In the records below, find the line that contains "I love the juxtaposition" and the line that contains "Tavolino legno scuro"; write out exactly those two lines and everything between them, without the pictures.

▶ _Record extracts_:
== Segment start ==

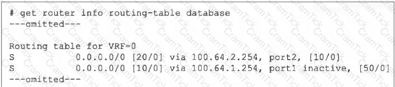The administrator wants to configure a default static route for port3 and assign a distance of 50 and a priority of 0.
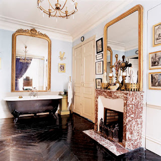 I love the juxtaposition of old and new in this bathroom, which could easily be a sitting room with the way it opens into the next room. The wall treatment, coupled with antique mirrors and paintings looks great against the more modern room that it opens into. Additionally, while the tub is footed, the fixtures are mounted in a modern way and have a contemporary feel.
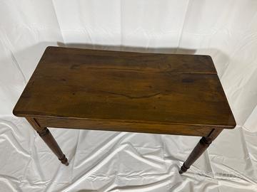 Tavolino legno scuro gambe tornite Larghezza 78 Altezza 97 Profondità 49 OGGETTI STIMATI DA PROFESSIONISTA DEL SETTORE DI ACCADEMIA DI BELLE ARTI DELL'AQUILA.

== Segment end ==
== Segment start ==

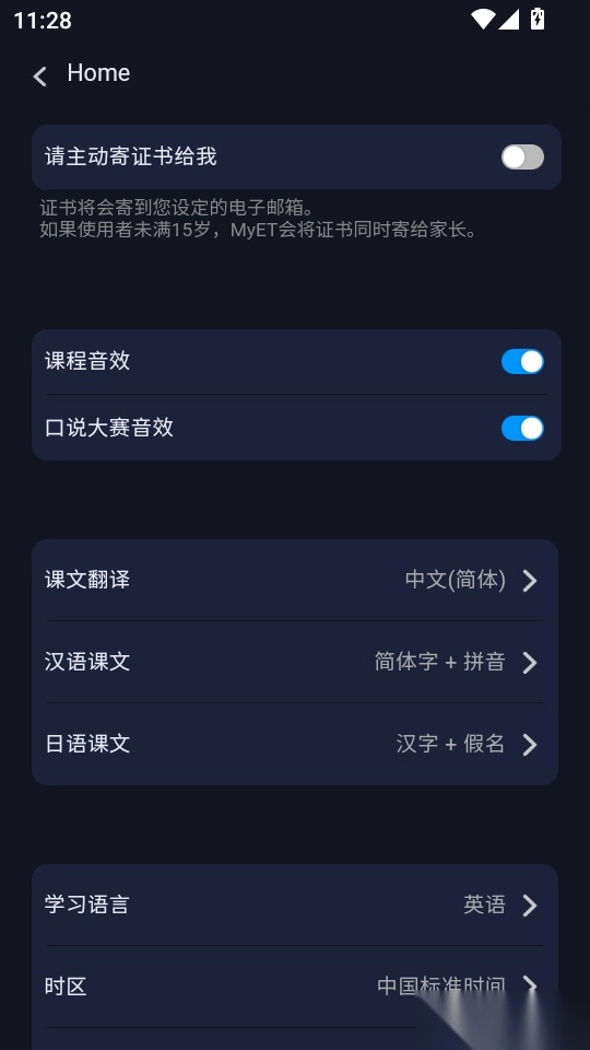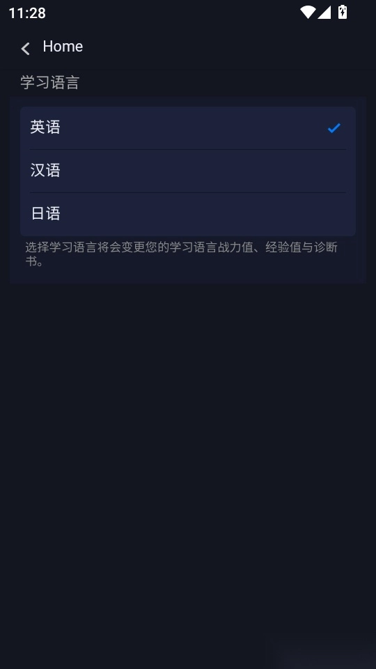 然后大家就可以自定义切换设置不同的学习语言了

== Segment end ==

▶ _Response below_:
 I love the juxtaposition of old and new in this bathroom, which could easily be a sitting room with the way it opens into the next room. The wall treatment, coupled with antique mirrors and paintings looks great against the more modern room that it opens into. Additionally, while the tub is footed, the fixtures are mounted in a modern way and have a contemporary feel.
 Tavolino legno scuro gambe tornite Larghezza 78 Altezza 97 Profondità 49 OGGETTI STIMATI DA PROFESSIONISTA DEL SETTORE DI ACCADEMIA DI BELLE ARTI DELL'AQUILA.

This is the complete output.